Толпа нехотя умолкает.
Авессалом продолжает:
– Если уж речь зашла об именах, господин губернатор… – Он опять обращается к залу. – Мы пытались вызнать имена, но она говорит, что не видела лиц за густой пеленой дыма. И все же мы установили, что одной из сообщниц была фру Олафсдоттер, и заставили ее сознаться, и продолжаем дознание. – Он обводит толпу суровым взглядом, и Урсу пробирает озноб. – Они вызвали шторм, чтобы завладеть собственностью и землей их мужей. Также фру Кирстен Сёренсдоттер незаконно присвоила себе стадо, принадлежавшее Мадсу Питерсону, числом в пять десятков оленьих голов, и, околдовав фру Хансдоттер, принудила ее сесть на весла и выйти в море в рыбацкой лодке вместе с ней и еще восьмерыми особами женского пола, и в море они не бросали сети. Фру Сёренсдоттер призвала рыбу своим колдовством, и та сама прыгнула в лодку. Она носила мужскую одежду, чтобы иметь силу мужчины, и угрожала фру Кнудсдоттер, и однажды по злобе дунула на фру Йонсдоттер, и та слегла с тяжкой болезнью, от которой у нее раздуло живот.
Урса смотрит на набожных женщин. На их лицах читается восхищенное благоговение. Они глядят на ее мужа, как на чудо, ниспосланное им свыше.
Авессалом сворачивает пергамент.
– Таковы преступления фру Сёренсдоттер, в которых она созналась сама. И это лишь малая часть ее нечестивых ведьминских деяний. Фру Сёренсдоттер была ознакомлена с полным списком и поставила крест вместо подписи на протоколе допроса, который я передаю в суд.

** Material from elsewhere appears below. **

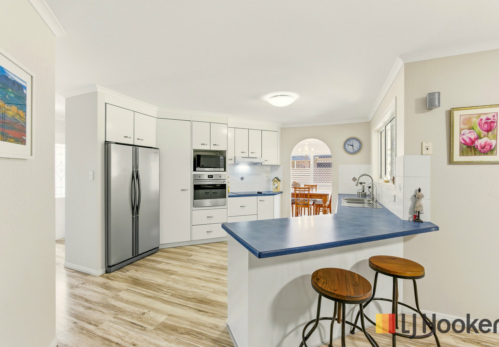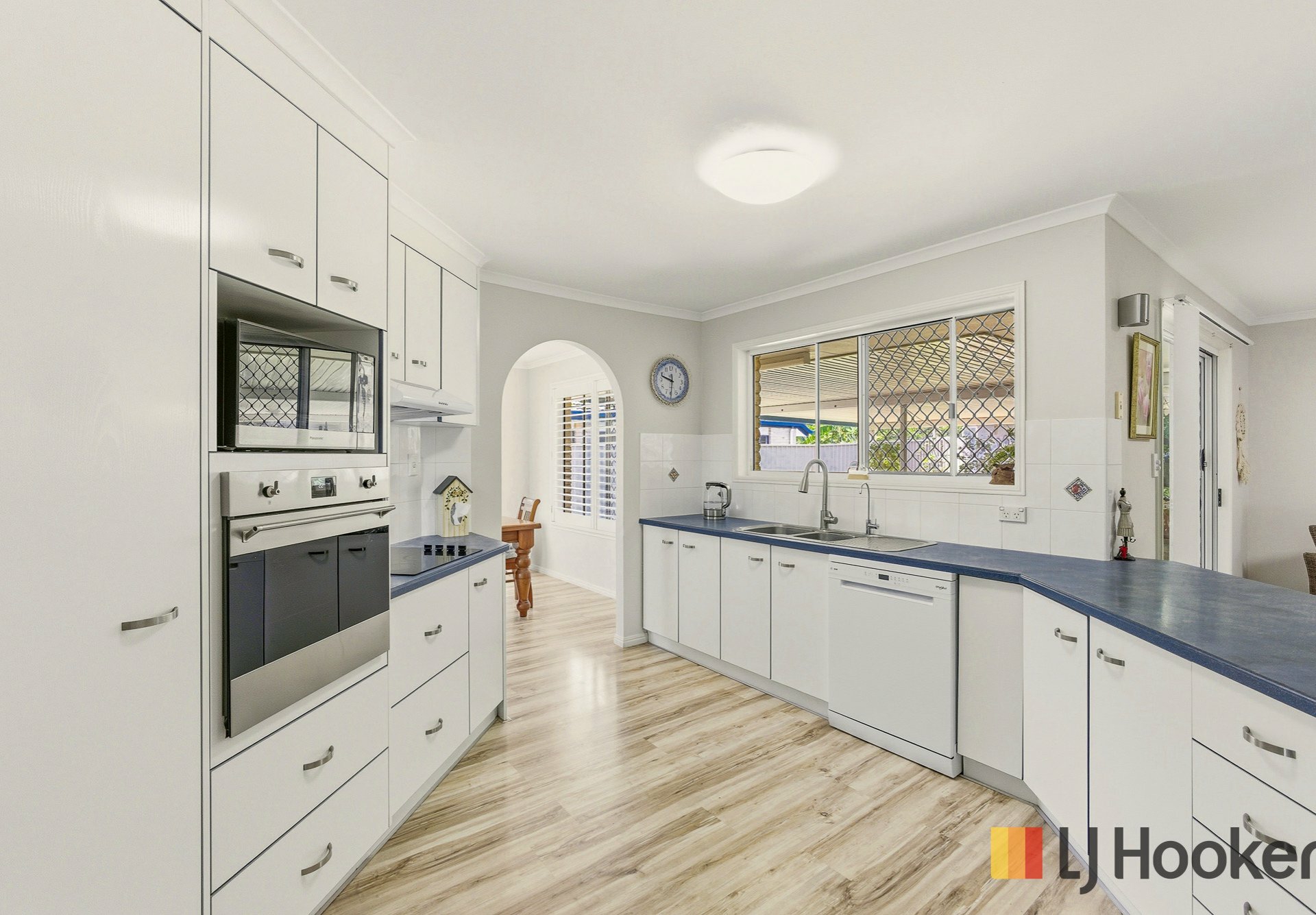 At the heart of the home is a large open-plan kitchen fitted with a Smeg oven and Bosch cooktop, flowing seamlessly into multiple living zones. Quality floating flooring throughout ensures low-maintenance living, while separate lounge, dining and additional TV areas offer flexibility for families of all sizes.

С легким поклоном он отдает губернатору лист пергамента и возвращается на свое место. Со скамьи, где сидят комиссары, доносятся жидкие аплодисменты, расходящиеся по залу, как рябь по воде.
– Он блестяще провел дознание, – говорит Кристин. – Вы должны им гордиться.
Урса сдержанно кивает. Подавшись вперед, губернатор глядит сверху вниз на помост, где стоит подсудимая.
– Вы желаете что-то сказать, фру Сёренсдоттер?
Ничего. Один из стражников грубо толкает Кирстен, толпа улюлюкает и свистит.
– Вы желаете что-то сказать?
Стражник наклоняется ближе к ней, слушает, сморщив нос.
– Она сказала: «Никто», господин губернатор.
– Никто?
– Она так сказала. «Никто».
– Что ж, хорошо, – говорит губернатор Каннингем, вновь откинувшись на спинку кресла. – Фру Сёренсдоттер, вы обвиняетесь в особо тяжком преступлении, а именно в злонамеренном чародействе, и, получив ваше письменное признание, я должен действовать согласно королевскому повелению в рамках Закона против колдовства и волшбы, руководствуясь указанием, что любого, кто уличен в колдовстве, и отрекся от Господа нашего, и Святого Писания, и христианской веры, и поклонился дьяволу по собственной воле, следует без промедления предать огню и сожжению.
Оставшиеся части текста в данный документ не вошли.